SUPPLIED DATA >>
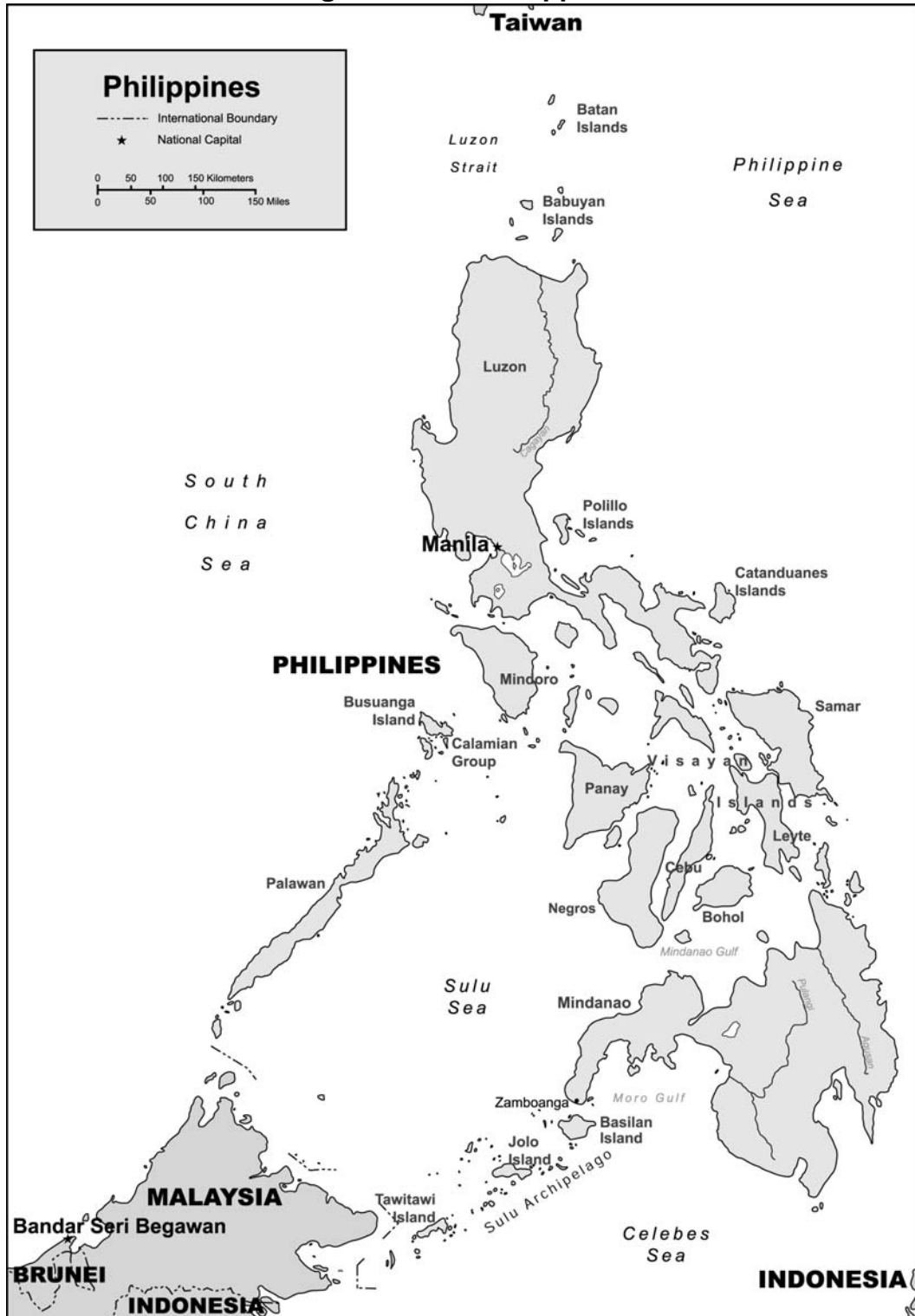
Figure 4. The Philippines
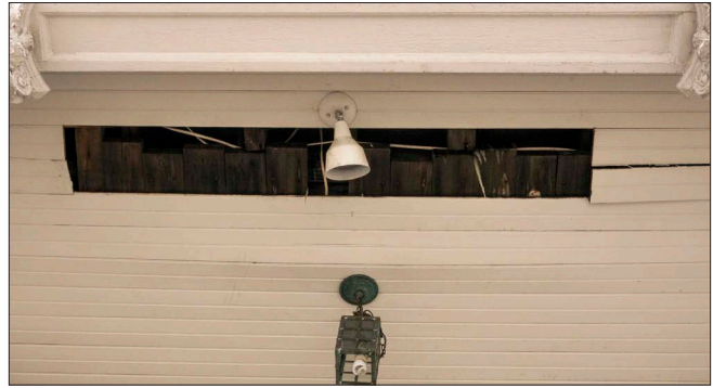
Openings at the exterior of the building can provide access for pests, birds and rodents.

One of the essential missions of the HDC is to protect and preserve historic properties for the benefit of future generations. This includes all exterior historic materials found within the district. To preserve the authenticity of Portsmouth, the HDC strongly encourages the retention of historic materials or replacement in-kind whenever work on a property is considered. Therefore, the HDC recommends repairs that are focused at specific areas of deterioration and that maintain a building's stability and weather resistance, rather than wholesale replacement of a historic building material. It is understood that additional care and attention might be required as part of the effort, but regular maintenance and timely repairs can minimize large repair costs associated with ongoing deterioration.
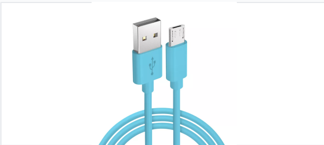
High-speed USB 2.0 A-Male to Micro-B connector design.
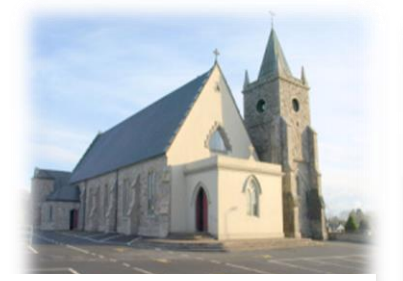
Church of Immaculate Conception - Kilmovee

WEBSITE kilmoveeparish.org ITEMS FOR NEWSLETTER <u>news@kilmoveeparish.org</u>
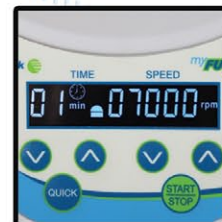
Digital display and control
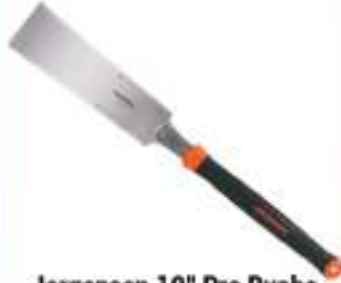
Jorgensen 10" Pro Ryoba Double Edge Pull Saw Reg. Price: $42.95 Sale: $28.95
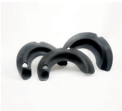
VIBRATION DAMPINGS FOR SUSPENSION SYSTEM
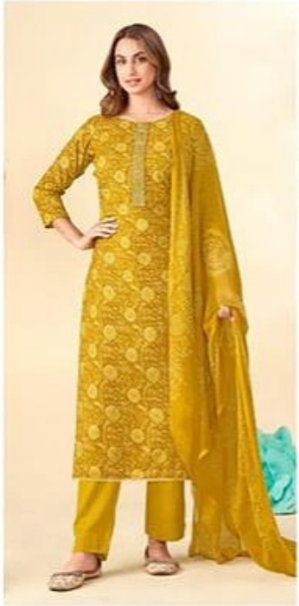
Code # 20001
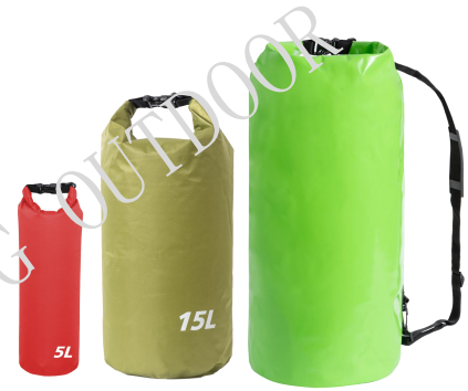
S2012 Capacity: 5L to 50L Material: PVC Tarpaulin/PVC coating polyester
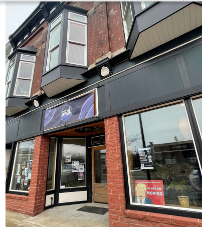
Street view image of 417 Howard Street, Petoskey

Our physical meeting location is North Coast Works Building, 417 Howard Street, Petoskey and will be followed by a social gathering with refreshments.
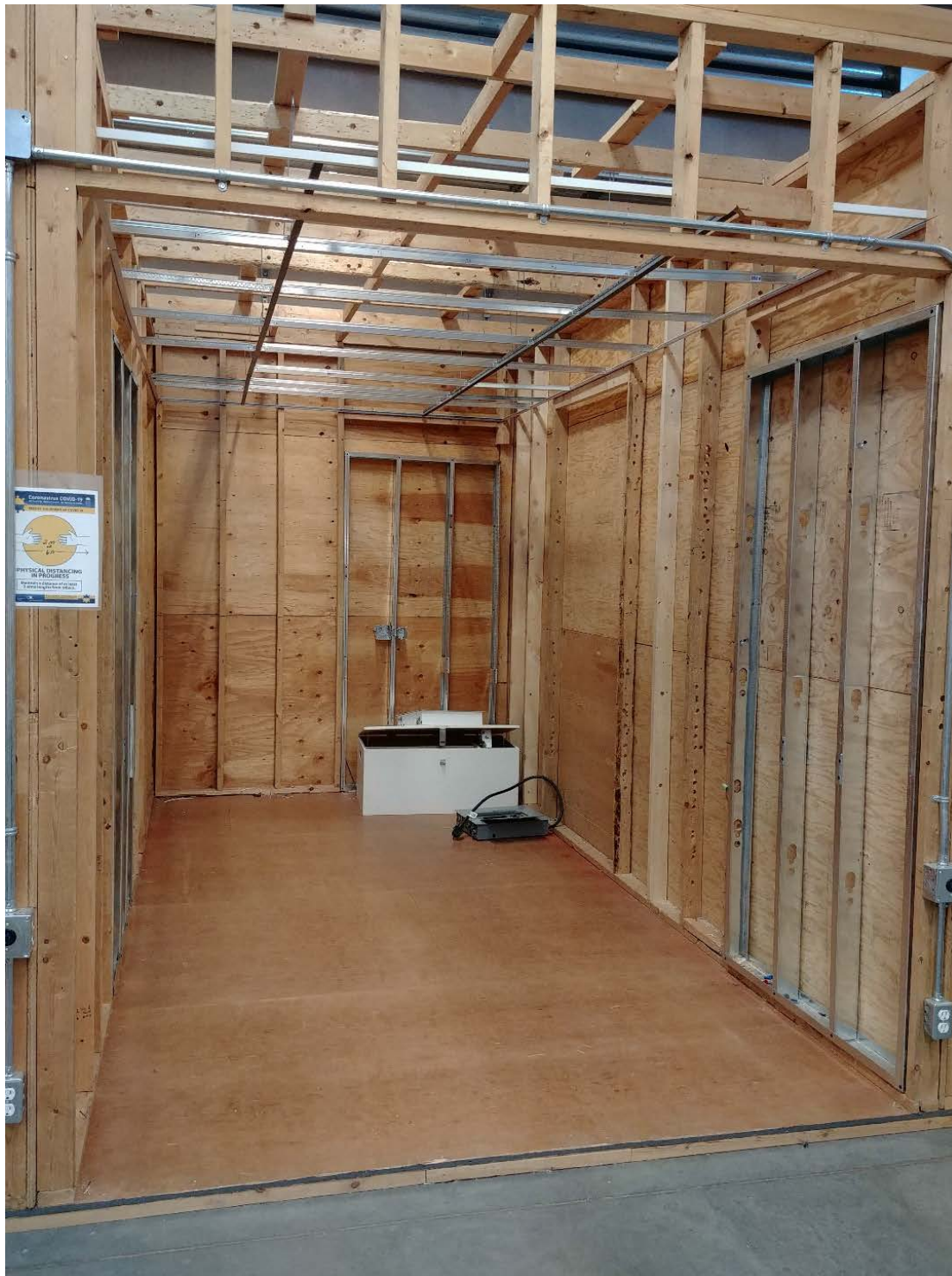
Contained student project areas. Three walls are solid.
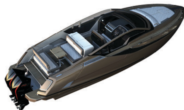
ASHEN METALLIC GLOSS
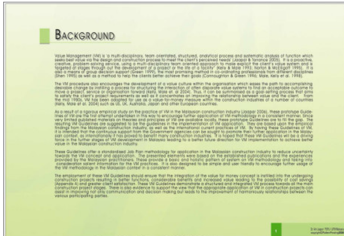
Figure 1: The Background of the VM Guidelines.
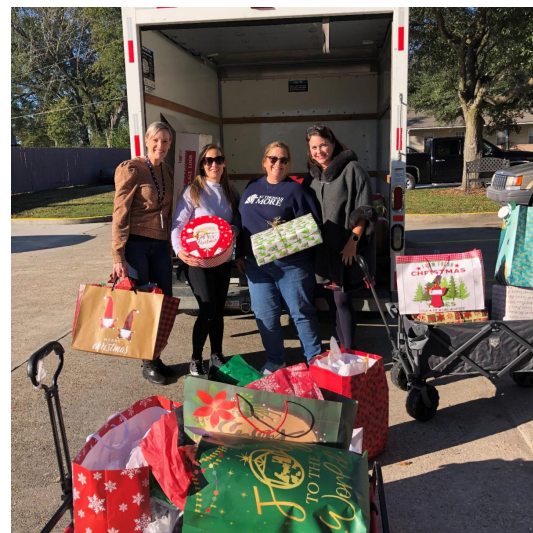
Thank you St. Thomas More Catholic Church for supporting our seniors!
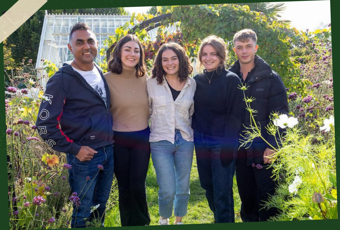
The Mr Organic team volunteering in our organic garden

To cover the costs of preparing for, and supervising a group of volunteers, we apply a small charge for volunteering days.
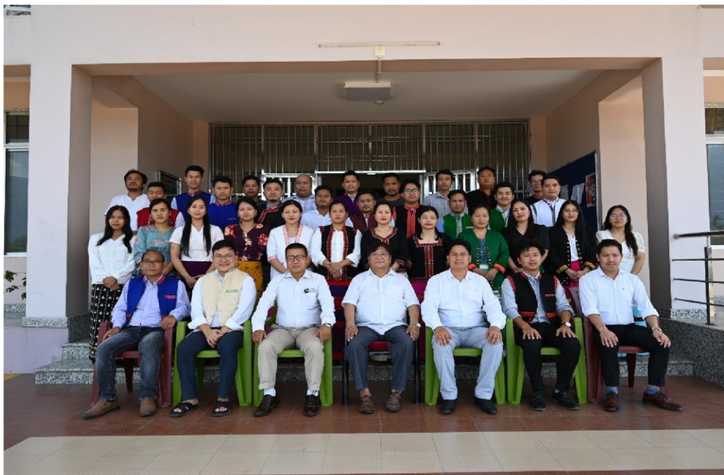
Hon'ble VC with the Administrative Officers and Staff of the University
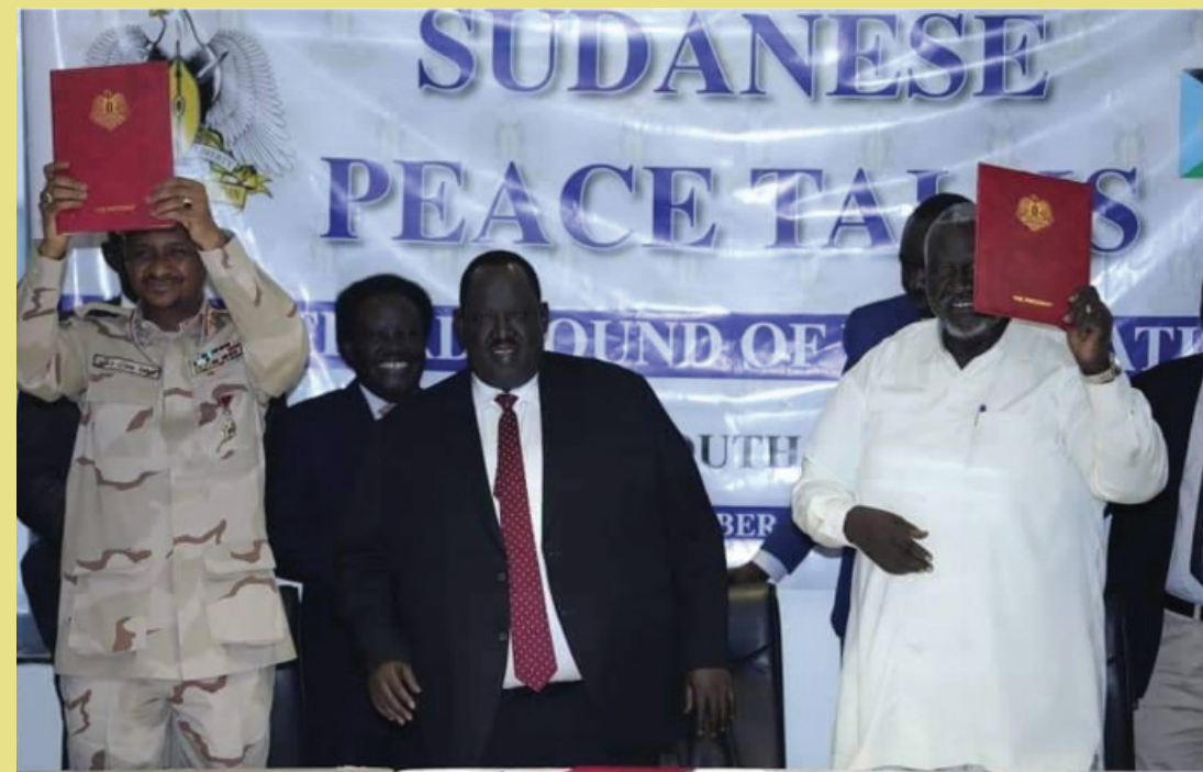
Government and opposition parties seated at the negotiating table in Juba during the Sudanese peace talks in 2020.

This briefing paper presents lessons and recommendations as to how peace processes can best nurture and promote transitional justice. It discusses strategies that stakeholders might adopt in order to motivate genuine discussion of transitional justice and break deadlocks, design robust and responsive programs, and boost compliance. It also provides specific guidance on the five core elements of transitional justice: accountability, truth-telling, reparations, institutional reform, and memorialization.
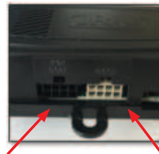
NON BOSE (Non-Amplified) Connection

If the vehicle is NOT equipped with a factory amplified system, plug in the male 8-pin connector to the BLACK female 8-pin on the SWRGM-49 module.
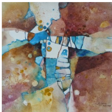
Abstract Watercolor from source photo
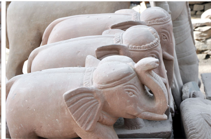
Carved idols of elephants.
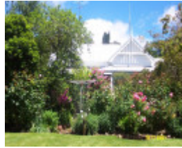
23400 Riverside Garden 0179
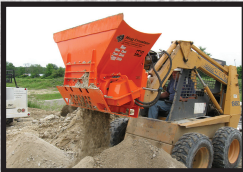
Step 3: Powerful Hog Crusher pulverizes debris in minutes.
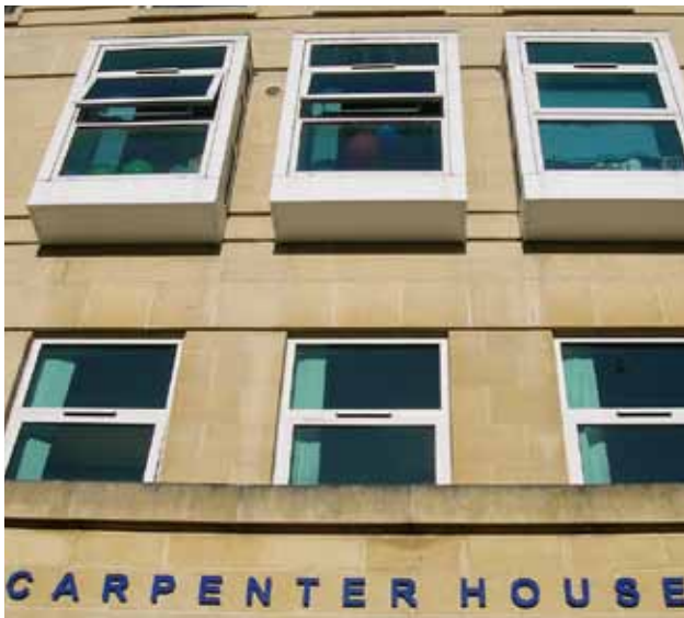
Carpenter House Residence

Rooms are comfortable, spacious and light. Bed, mattress, desk, chair, wardrobe/hanging space, drawers, waste paper bin, mirror and pin-board are provided in each room.
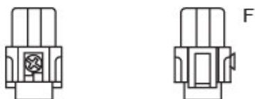
contacts side (front view)
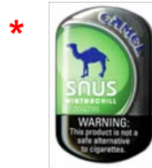
SNUS Winterchill 105222
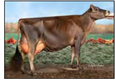
STONEY POINT IMPRESSION BLENDA EX-95 DAM OF LOT 32

118783228 Excellent-95% 2-11 2x 305d 16630 5.9 982 4.0 667 4-00 2x 305d 15000 5.7 861 4.2 631 2-00 2x 281d 10130 6.2 630 4.1 417 6-07 2x 186d 13690 4.4 602 3.7 515 RJP • 1st Aged Cow/Grand Champ Jersey Event 2020 • 1st Aged Cow North American Jersey 2020 • 1st Aged Cow All-American Jersey Show 2020 • Res All-American 5-Yr-Old 2019 • 2nd 5-Yr-Old WDE 2019

AIM OF THE TASK >> The word to find is "Figure". Copy every line of the data that holds it.

EXERCISE SOLUTION >>
Figure 4. The Philippines
Figure 1: The Background of the VM Guidelines.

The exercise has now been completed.